HDB resale prices dipped 0.2% in Q2
Older flats of more than 30 years old find it difficult to attract buyers.
The Housing Development Board’s (HDB) resale price index (RPI) has hit 130.8 in Q2, representing a 0.2% fall from the 131 RPI in Q1.
“Prices have been fluctuating within a very narrow -1 and 1% QoQ price change over the last 18 quarters, indicating that resale prices have stabilised,” said Christine Sun, head of research & consultancy at OrangeTee & Tie. “HDB resale prices have moderated as competition for buyers may have intensified with more HDB flats being placed in the resale market in recent months.”
Meanwhile, Sze Teck Lee, head of research at Huttons Asia, cited that another factor behind the RPI’s decline is that there are older flats have more stock than that of younger flats’ stock.
“A two tier market is taking root in the HDB resale market. Other flats of more than 30 years are finding it difficult to attract buyers and achieving prices higher than earlier transactions because of the age. Younger flats of less than 10 years on the other hand are commanding higher prices,” Lee explained.
Sun is optimistic that prices may continue to stabilise in effect of the government’s policy changes that will allow buyers to use more Central Provident Fund (CPF) monies to buy HDB flats.

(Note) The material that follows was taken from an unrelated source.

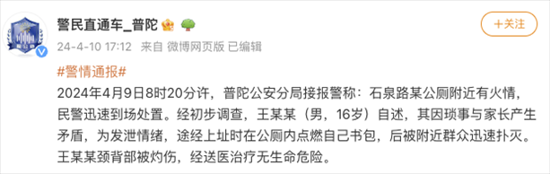 央視網(wǎng)消息:據(jù)@警民直通車(chē)_普陀 微博消息,4月9日8時(shí)20分許,上海普陀公安分局接報(bào)警稱(chēng):石泉路某公廁附近有火情,民警迅速到場(chǎng)處置。經(jīng)初步調(diào)查,王某某(男,16歲)自述,其因瑣事與家長(zhǎng)產(chǎn)生矛盾,為發(fā)泄情緒,途經(jīng)上址時(shí)在公廁內(nèi)點(diǎn)燃自己書(shū)包,后被附近群眾迅速撲滅。王某某頸背部被灼傷,經(jīng)送醫(yī)治療無(wú)生命危險(xiǎn)。
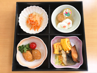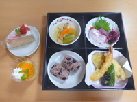 イースト・ヴィレッジの食事は、管理栄養士をはじめ、専門の調理スタッフで提供します。 食事はイースト・ヴィレッジでの生活において重要なポイントと考え、入居者に満足していただけるサービスを目指します。 季節ごとの節句やお祝い事を大切にし、旬の食材を使用して、個々に合わせた飽きの来ない食事提供を行います。

HDB announced that it will offer about 3,300 Build-To-Order (BTO) flats in Punggol and Tampines in August and about 4,500 BTO flats in Ang Mo Kio, Tampines and Tengah in November. Concurrent Re-Offer of Balance Flats (ROF) and Sales of Balance Flats exercises are slated in August and November respectively as well.
Meanwhile, unselected ROF flats are available for open booking throughout the year.
“We anticipate that HDB resale transactions will continue to rise this year and prices may face further downward pressure from the increasing flat supply in the coming months. Competition for buyers may also intensify with the upcoming BTO exercise,” Sun concluded.